- Collected data
§ §
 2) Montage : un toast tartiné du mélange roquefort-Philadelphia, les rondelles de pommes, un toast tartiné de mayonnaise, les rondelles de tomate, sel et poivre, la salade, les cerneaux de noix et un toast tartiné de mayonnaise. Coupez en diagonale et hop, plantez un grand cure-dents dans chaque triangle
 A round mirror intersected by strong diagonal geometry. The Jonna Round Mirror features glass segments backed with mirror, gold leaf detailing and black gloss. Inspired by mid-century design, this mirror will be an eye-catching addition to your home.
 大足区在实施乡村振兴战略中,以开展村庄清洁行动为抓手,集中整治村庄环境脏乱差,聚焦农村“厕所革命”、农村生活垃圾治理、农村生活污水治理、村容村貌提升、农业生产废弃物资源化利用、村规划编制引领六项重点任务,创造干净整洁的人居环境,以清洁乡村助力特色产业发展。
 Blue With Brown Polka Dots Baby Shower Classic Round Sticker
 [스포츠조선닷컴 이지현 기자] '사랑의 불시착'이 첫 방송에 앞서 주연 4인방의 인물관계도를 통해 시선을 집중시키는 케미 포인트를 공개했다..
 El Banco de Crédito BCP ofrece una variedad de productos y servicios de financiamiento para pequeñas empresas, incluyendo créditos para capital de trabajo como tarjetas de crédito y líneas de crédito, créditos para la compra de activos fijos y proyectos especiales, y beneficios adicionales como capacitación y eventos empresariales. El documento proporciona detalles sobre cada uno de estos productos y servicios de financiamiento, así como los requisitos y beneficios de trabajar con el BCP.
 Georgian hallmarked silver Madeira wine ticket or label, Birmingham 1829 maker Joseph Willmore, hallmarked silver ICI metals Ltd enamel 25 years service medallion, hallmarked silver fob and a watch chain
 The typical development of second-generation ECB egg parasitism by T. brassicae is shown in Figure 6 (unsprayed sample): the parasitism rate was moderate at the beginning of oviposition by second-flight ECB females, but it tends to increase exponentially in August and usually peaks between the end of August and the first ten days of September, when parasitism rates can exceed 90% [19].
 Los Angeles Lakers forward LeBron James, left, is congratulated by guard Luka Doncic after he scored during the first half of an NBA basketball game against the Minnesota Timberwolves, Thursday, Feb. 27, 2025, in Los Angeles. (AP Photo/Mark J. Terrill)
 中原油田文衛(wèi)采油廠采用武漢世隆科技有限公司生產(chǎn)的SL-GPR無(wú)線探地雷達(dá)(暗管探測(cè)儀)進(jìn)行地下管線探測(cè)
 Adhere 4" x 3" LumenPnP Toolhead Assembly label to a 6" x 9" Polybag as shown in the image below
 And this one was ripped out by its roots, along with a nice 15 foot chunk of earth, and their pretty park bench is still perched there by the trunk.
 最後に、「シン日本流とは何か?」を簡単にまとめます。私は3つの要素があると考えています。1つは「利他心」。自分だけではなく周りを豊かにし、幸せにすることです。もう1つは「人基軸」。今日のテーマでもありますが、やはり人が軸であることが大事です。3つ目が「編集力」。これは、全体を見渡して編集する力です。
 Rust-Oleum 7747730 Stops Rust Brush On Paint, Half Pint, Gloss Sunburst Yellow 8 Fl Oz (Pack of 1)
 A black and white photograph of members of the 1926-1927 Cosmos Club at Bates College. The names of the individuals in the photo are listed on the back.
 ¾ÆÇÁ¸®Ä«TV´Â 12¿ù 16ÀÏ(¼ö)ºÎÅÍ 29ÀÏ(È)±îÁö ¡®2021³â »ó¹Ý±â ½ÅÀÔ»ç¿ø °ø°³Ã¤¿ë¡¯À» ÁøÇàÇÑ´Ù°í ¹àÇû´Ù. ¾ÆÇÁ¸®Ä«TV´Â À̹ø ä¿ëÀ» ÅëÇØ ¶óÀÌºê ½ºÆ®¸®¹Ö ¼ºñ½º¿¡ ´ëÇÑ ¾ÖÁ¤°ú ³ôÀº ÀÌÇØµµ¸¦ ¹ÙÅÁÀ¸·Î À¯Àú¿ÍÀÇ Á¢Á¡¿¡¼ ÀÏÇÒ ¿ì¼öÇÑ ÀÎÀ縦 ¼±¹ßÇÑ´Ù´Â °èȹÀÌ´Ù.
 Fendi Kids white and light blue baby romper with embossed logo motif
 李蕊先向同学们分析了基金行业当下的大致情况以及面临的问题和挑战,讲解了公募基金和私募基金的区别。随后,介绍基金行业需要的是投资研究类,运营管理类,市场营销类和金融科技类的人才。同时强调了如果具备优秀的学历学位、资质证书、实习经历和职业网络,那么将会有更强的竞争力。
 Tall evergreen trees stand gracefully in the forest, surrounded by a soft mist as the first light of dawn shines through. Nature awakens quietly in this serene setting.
§ §
- What the exercise asks
Scan the entries above and work out how many lines include the word "label"; the reply is that number alone.

- Solution
2